9. Security & privacy (elevated here — Ch. 32)

This domain makes Chapter 32 concrete:

  • Least-privilege roles: front-desk staff (scheduling, no clinical data), clinicians (full clinical access), billing (financial only) — each granted the minimum.
  • Hide PII with views/column grants: the front-desk role sees a view without diagnoses/full contact details.
  • Row-level security could restrict a provider to their own patients.
  • Encryption in transit (TLS) required; sensitive fields candidates for column-level encryption.
  • Audit logging (trigger-based, Ch. 21) on access to clinical records.
  • Right-to-erasure planned: how to delete a patient's PII while preserving anonymized aggregates (interacts with FKs and audit logs — a documented design decision).

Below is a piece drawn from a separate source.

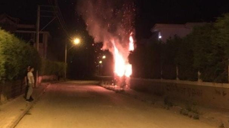 Bursa'nın İnegöl ilçesi Hamidiye Mahallesi'nde bulunan bir sitenin bahçesindeki çam ağaçları kişi veya kişilerce ateşe verildi.

10–12. App layer, operations, documentation

  • App layer (Ch. 29): a parameterized repository; transactions for multi-step clinical operations; specific error handling.
  • Operations (Ch. 38): tested backups (with the extra weight that medical data loss is catastrophic), monitoring.
  • Documentation: README, data dictionary, query catalog, and a design-decisions doc emphasizing the integrity and privacy choices (why these constraints, the double-booking exclusion constraint, the role design, the PII/erasure plan, why PostgreSQL).

The result — and why it impresses

A clinic database where the constraints and security model are the stars: the database structurally prevents double-booking, invalid statuses, and unauthorized PII access, and the design-decisions doc reasons about privacy law. For a domain where correctness and confidentiality are non-negotiable, demonstrating that you made integrity and security structural — not hopeful — is exactly the judgment employers in regulated industries want.

Discussion questions

  1. Why does this domain warrant more constraints and stricter security than, say, a blog?
  2. How does an exclusion constraint prevent provider double-booking, and why is that better than app-code checks?
  3. How do least-privilege roles + views enforce that front-desk staff can't see clinical PII?
  4. What makes "right to erasure" tricky here (FKs, audit logs), and how would you design for it?
  5. ⭐ Compare this capstone's emphasis (integrity/security) to the library capstone's (queries/operations). How does the domain shape what your portfolio piece should foreground?